+++ TASK INPUTS +++

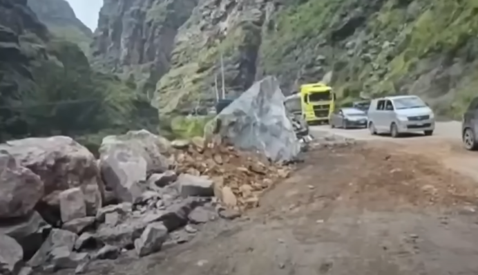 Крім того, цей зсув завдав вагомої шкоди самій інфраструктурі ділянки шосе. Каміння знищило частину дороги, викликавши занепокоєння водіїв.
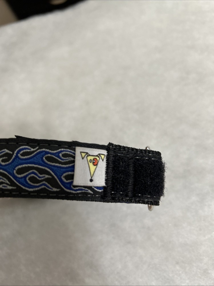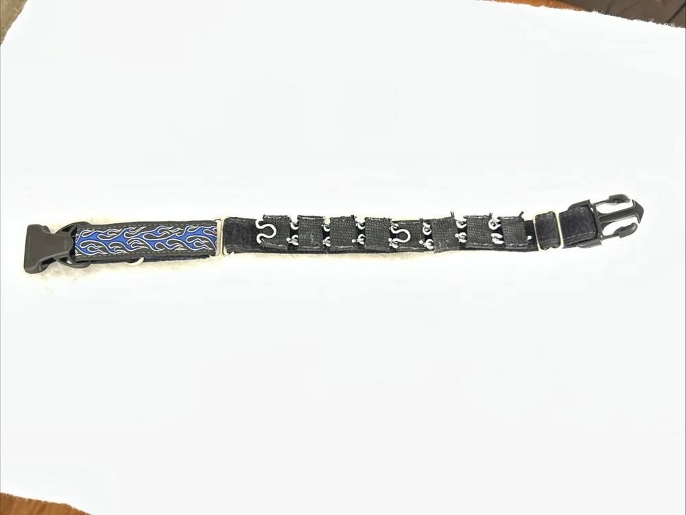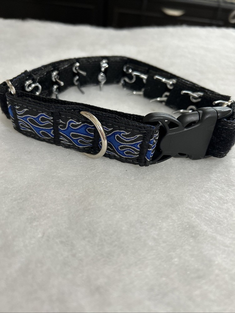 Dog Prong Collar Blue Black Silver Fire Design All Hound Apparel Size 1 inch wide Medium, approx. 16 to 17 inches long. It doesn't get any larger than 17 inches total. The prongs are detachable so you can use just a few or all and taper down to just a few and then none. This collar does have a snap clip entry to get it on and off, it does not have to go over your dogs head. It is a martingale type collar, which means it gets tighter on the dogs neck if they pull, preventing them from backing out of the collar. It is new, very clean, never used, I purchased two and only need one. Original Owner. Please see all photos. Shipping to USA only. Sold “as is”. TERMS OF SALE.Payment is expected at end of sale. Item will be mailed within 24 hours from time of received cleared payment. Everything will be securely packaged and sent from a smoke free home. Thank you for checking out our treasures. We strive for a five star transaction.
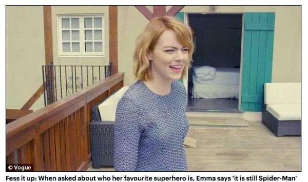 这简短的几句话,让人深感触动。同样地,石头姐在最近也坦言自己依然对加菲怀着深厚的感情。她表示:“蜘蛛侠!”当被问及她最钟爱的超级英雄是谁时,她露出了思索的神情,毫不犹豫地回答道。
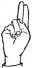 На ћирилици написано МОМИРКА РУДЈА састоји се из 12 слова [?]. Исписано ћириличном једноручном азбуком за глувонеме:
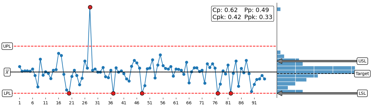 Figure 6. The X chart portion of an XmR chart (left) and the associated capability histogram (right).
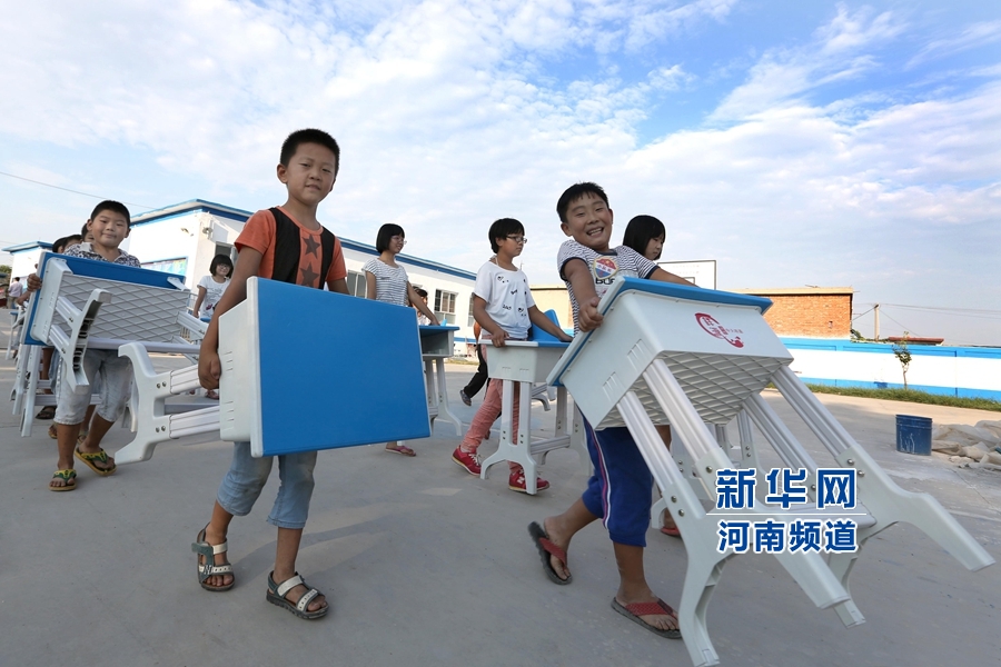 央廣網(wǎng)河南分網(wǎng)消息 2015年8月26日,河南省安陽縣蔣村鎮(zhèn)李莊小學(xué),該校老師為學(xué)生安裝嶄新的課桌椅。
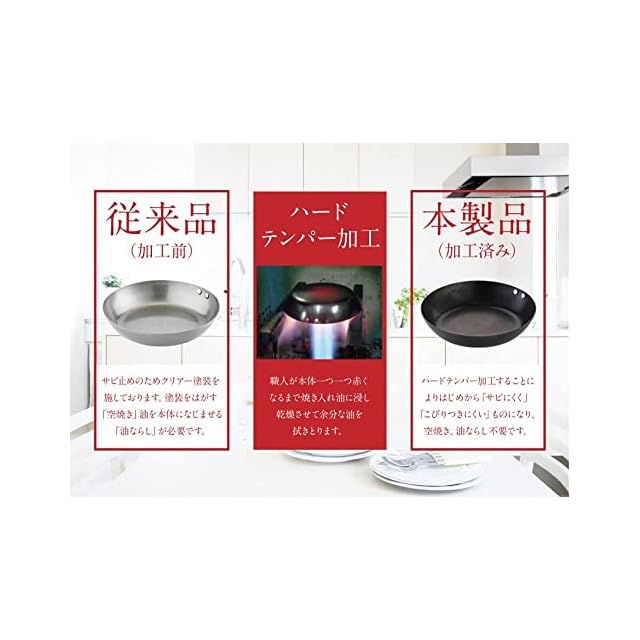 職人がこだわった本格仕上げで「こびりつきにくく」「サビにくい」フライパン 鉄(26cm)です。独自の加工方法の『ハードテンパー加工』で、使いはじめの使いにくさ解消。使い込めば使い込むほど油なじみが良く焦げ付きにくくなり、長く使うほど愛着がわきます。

+++

- WHAT YOU HAVE TO DO -
Could you return each line, unchanged, from the line containing "Dog Prong Collar" through the last line of the entries above, leaving out the pictures?

- RESULT OF THIS EXERCISE -
 Dog Prong Collar Blue Black Silver Fire Design All Hound Apparel Size 1 inch wide Medium, approx. 16 to 17 inches long. It doesn't get any larger than 17 inches total. The prongs are detachable so you can use just a few or all and taper down to just a few and then none. This collar does have a snap clip entry to get it on and off, it does not have to go over your dogs head. It is a martingale type collar, which means it gets tighter on the dogs neck if they pull, preventing them from backing out of the collar. It is new, very clean, never used, I purchased two and only need one. Original Owner. Please see all photos. Shipping to USA only. Sold “as is”. TERMS OF SALE.Payment is expected at end of sale. Item will be mailed within 24 hours from time of received cleared payment. Everything will be securely packaged and sent from a smoke free home. Thank you for checking out our treasures. We strive for a five star transaction.
 这简短的几句话,让人深感触动。同样地,石头姐在最近也坦言自己依然对加菲怀着深厚的感情。她表示:“蜘蛛侠!”当被问及她最钟爱的超级英雄是谁时,她露出了思索的神情,毫不犹豫地回答道。
 На ћирилици написано МОМИРКА РУДЈА састоји се из 12 слова [?]. Исписано ћириличном једноручном азбуком за глувонеме:
 Figure 6. The X chart portion of an XmR chart (left) and the associated capability histogram (right).
 央廣網(wǎng)河南分網(wǎng)消息 2015年8月26日,河南省安陽縣蔣村鎮(zhèn)李莊小學(xué),該校老師為學(xué)生安裝嶄新的課桌椅。
 職人がこだわった本格仕上げで「こびりつきにくく」「サビにくい」フライパン 鉄(26cm)です。独自の加工方法の『ハードテンパー加工』で、使いはじめの使いにくさ解消。使い込めば使い込むほど油なじみが良く焦げ付きにくくなり、長く使うほど愛着がわきます。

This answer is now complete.